Anyway, this mom had 4 little girls.  I don’t remember their ages, but the oldest one was heading to kindergarten and the youngest one was in diapers.  I had only babysat for them a couple of times at night when the kids were in bed, so I didn’t really know the girls.  I asked my mom if my boyfriend could help me.  (You probably already know the answer to that.)

So off I trudged around the corner.  I remember the mom telling me a zillion things.  What to do.  When to do it.  How to do it.  And these things involved lunch.  Specific books to read.  No outside play.

OK.  The beach with my boyfriend in a convertible.  Or this.

Well, I did do lunch.  The books.  Indoor play.  And as promised, the mom was back in a little over an hour.  But that hour+ was the most demanding hour I had ever spent babysitting.  The girls were here, there and everywhere.  No-one wanted the same book.  No-one wanted the specified lunch.  They all wanted to play outside.  But I kept thinking, “At least I’ll be able to buy french fries and soda for 2 at the beach.”

That would not happen.

The mom entered her home, hugged her kids, asked a million questions… and handed me a quarter.

A quarter.

Yes, I charged 25 cents an hour… but 4 kids?  Lunch time?  And everyone gave me more.

I don’t know how long I stared at that quarter in my hand, but it was enough time to think, “This is how much I’m worth in the charge and responsibility of your 4 children?”   And it was long enough to think, “I will never do this to a babysitter when I am a mom.”

And I didn’t.  I was the biggest tipper on earth.

So this brings me full circle back to my friend’s daughter who charges $10.00/hour and extra for extra things.  She is worth every penny. To place your children in the hands and heart of someone is a huge thing, if just for one hour.  It’s worth a million dollars to feel that your children are safe.

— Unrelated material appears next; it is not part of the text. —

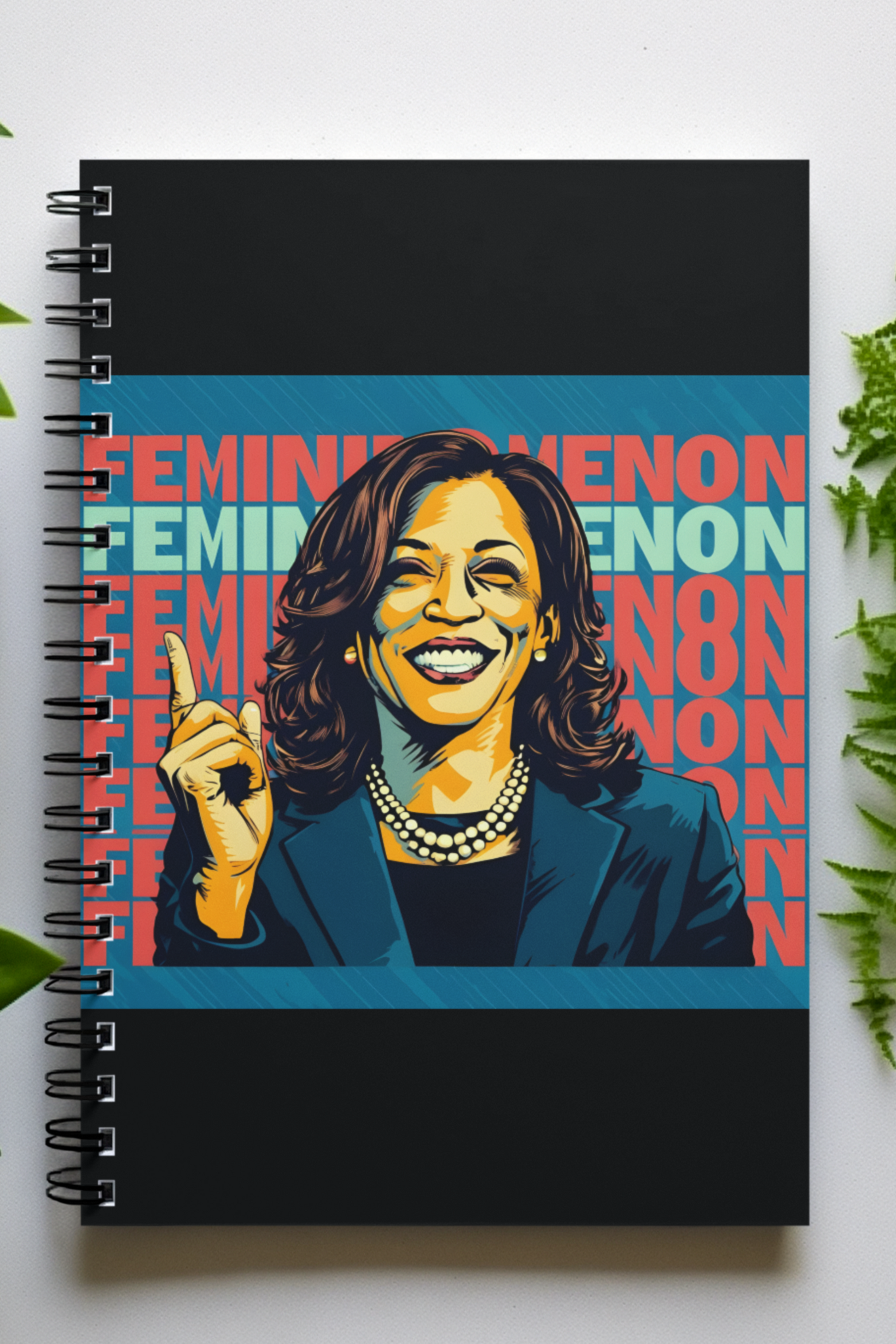 Crafted with high-quality materials, this 6" x 8" notebook is compact yet spacious enough to carry with you everywhere. The front cover prominently features the digital artwork of Kamala Harris, while the dark grey back cover adds a sleek, modern finish. The sturdy metal spiral binding ensures it remains durable, no matter how often you use it. This makes it an ideal choice for teachers, students, writers, or anyone who values bold design and meaningful symbolism.

(Oh… when I returned home and told my mom of my experience with the kids, and showed her the quarter, she was fuming.  And even with repeated requests, I never babysat for that mom again.  My mom wouldn’t let me!  And I did get to the beach that afternoon in that awesome convertible, and my boyfriend bought the french fries and soda!)

About Audrey

Audrey McClelland has been a digital influencer since 2005. She’s a mom of 5 and shares tips on her three favorite things: parenting, fashion and beauty. She’s also a Contemporary Romance Author.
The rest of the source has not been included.